Pardon me for not citing the entire Cliff Notes of Job with annotated bibliography of my scholarly references! Here I am being accused of cherry-picking I suppose. I guess if you expected me to do a complete synopsis of everything I decided to quote or reference, we would be here for the next few years at least. I wonder if you would not be better served by reading the substance of my posts rather than merely cherry-picking the fact that I neglected to write about Job's prologue in my very first mention of it but only waited about fifteen minutes later to do so! If you cannot detect how silly you sound, I can do nothing for you. A thousand apologies.

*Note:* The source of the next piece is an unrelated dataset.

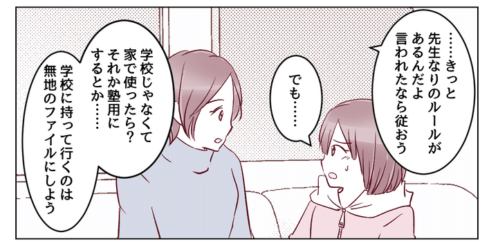 なんだかモヤモヤします。ただ、私がゆっくり話を聞いてあげているうちに、ミユは落ち着いてきたようです。「先生がダメって言うなら、持っていくのは無地のファイルにしよう」私がそう提案すると、素直にうなずいてくれました。

My best information is this: The Bible is a piece of literature written mostly by Jews over 2000 years ago. It's actually quite interesting and informational if you read it with historical-critical perspective and an open mind to the differences in cultural context between our world and theirs.

Evolution is pretty much indisputable fact. Ergo it must be a part of God's creation.

God is. No one told me this, because I wouldn't have believed them, and no one proved it to be in a lab, because it can't be proved. But I know it and I'm sure it annoys you a great deal to know that nothing you can say, no fact you can cite, can possibly dissuade me from this absolute and unwavering knowledge. I love God (most of the time) and I have experienced God in my life and I don't need the Bible or science to tell me about that.

That is the information I am working with. I am obliged to change my beliefs when any part of that information changes. I conform to the best info I've got. If that makes me intellectually weak or wishy-washy, then George W. Bush ought to be your favorite guy ever. You can insult me and my beliefs 'til the cows come home and then some, and I will continue to happily discuss the issue with anyone who will give me the opportunity to talk to them, and I will happily listen to them.

You don't seem to understand the basic concepts that people don't like to listen to you when you insult them and ignore what they've been saying. I prefer to treat people as people and give them enough respect to hear them out.